Hay otras explicaciones. Fueron ensayadas desde instantes después del cierre de la emisora de televisión Canal 4 de Posadas, por los empleados del mismo, por el sector gerencial la emisora, por políticos de la Provincia de Misiones y de nivel nacional, y asimismo por medios de prensa nacionales y provinciales. Hablaron, entre los dirigentes, el ex Gobernador de la Provincia de Misiones Dr. Ricardo Barrios, y la principal referente del GEN de la Provincia de Buenos Aires Margarita Stolbizer (el GEN es socio de la Unión Cívica Radical).
De los medios nacionales, se ha visto un artículo firmado por el conocido periodista César Sanchez Bonifato – corresponsal en Misiones del diario “La Nación” de Buenos Aires – y menciones en canales de televisión también de Buenos Aires y sitios de noticias provinciales.
Esas manifestaciones aluden directamente y sin ambages a la intención del Gobierno de la Provincia de Misiones de silenciar al único canal de televisión de la Provincia de Misiones que – dicen - no adhiere a las directivas del gobierno de la Presidenta de la Nación Argentina Cristina Fernández de Krichner, del Gobernador de la Provincia de Misiones Dr. Maurice Closs, y del Presidente de la Legislatura de Misiones Ing. Carlos Eduardo Rovira. Explican que la cercanía de las elecciones generales del año 2011 decidió a los titulares de los poderes nacional y provincial a evitar la penetración de un canal de televisión independiente que según una encuesta creíble tiene el cuarenta por ciento (40%) de la audiencia de la Provincia de Misiones.

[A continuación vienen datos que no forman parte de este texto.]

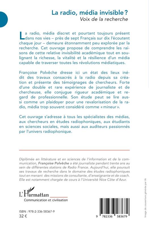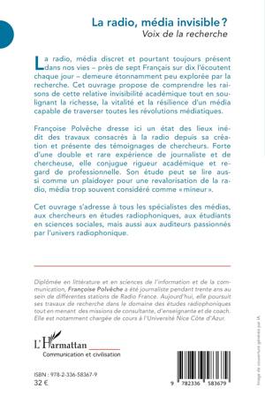 La radio, média discret et pourtant toujours présent dans nos vies - près de sept Français sur dix l'écoutent chaque jour - demeure étonnamment peu explorée par la recherche. Cet ouvrage propose de comprendre les raisons de cette relative invisibilité académique tout en soulignant la richesse, la vitalité et la résilience d'un média capable de traverser toutes les révolutions médiatiques. Françoise Polvêche dresse ici un état des lieux inédit des travaux consacrés à la radio depuis sa création et présente des témoignages de chercheurs. Forte d'une double et rare expérience de journaliste et de chercheuse, elle conjugue rigueur académique et regard de professionnelle. Son étude peut se lire aussi comme un plaidoyer pour une revalorisation de la radio, média trop souvent considéré comme mineur . Cet ouvrage s'adresse à tous les spécialistes des médias, aux chercheurs en études radiophoniques, aux étudiants en sciences sociales, mais aussi aux auditeurs passionnés par l'univers radiophonique.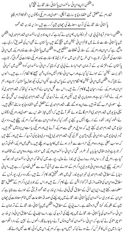 Washington Lapata Irani Science dan Pakistani Embassy mai - urdu world news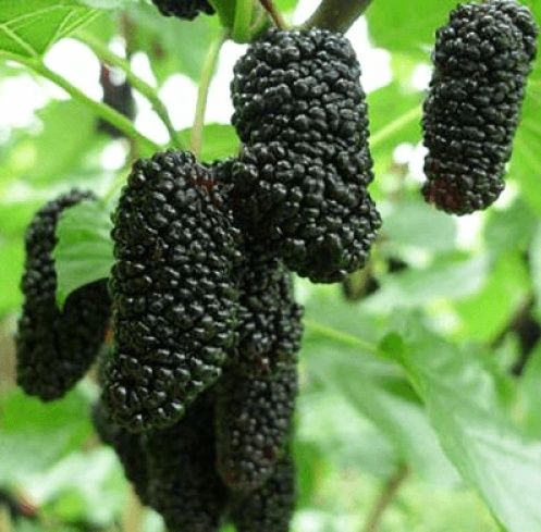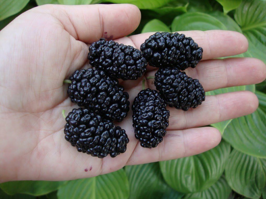 Шовковиця Турецька чорна - сорт з незвичайно великими для шовковиці плодами - ягоди можуть досягати п'яти сантиметрів. На вигляд вони чорні, блискучі. Смак з солодкими нотками, дуже приємний. Турецька чорна дає дуже рясний урожай - з однієї рослини можна зібрати до 35 кг ягід. Саме дерево виростає до 4 метрів, має широку кроною. Листя дуже великі, мають асиметричну форму з тупими зубчиками по краях. Цвіте рослина в квітні, урожай дає в липні.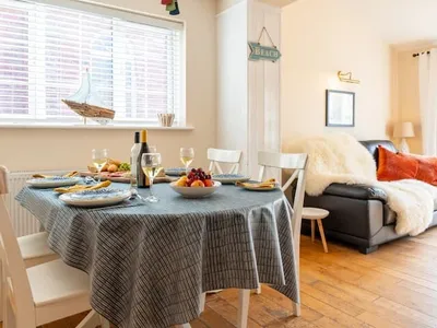 The open-plan living, dining, and kitchen area is the social heart of the home, featuring full-length patio doors that lead to the garden — a peaceful setting for al fresco dining, morning coffee, or letting kids and dogs roam freely. The fully-equipped kitchen includes everything you need for home cooking, and the large utility room provides a washer, freezer, and extra space for sandy shoes or muddy paws.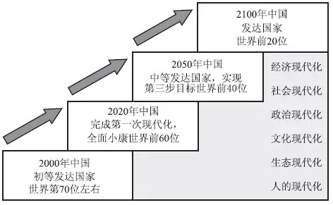 第一个台阶,从2000年到2020年左右,完成第一次现代化,全面建成小康社会,实现工业化、城市化、民主化、市场化和福利化,国家现代化水平进入世界前60名。

Salvo la pronta aparición de información confiable destinada a demostrar la bondad de la decisión judicial de clausura del Canal 4, se deberá creer a quiénes sostienen que el Juez Federal con sede en Posadas habría sido engañado por las autoridades nacionales y provinciales, porque éstas tenían la finalidad de deshacerse de un medio de prensa opositor. Y con ello poco favor le estarían haciendo a las Instituciones y la población de la Nación Argentina.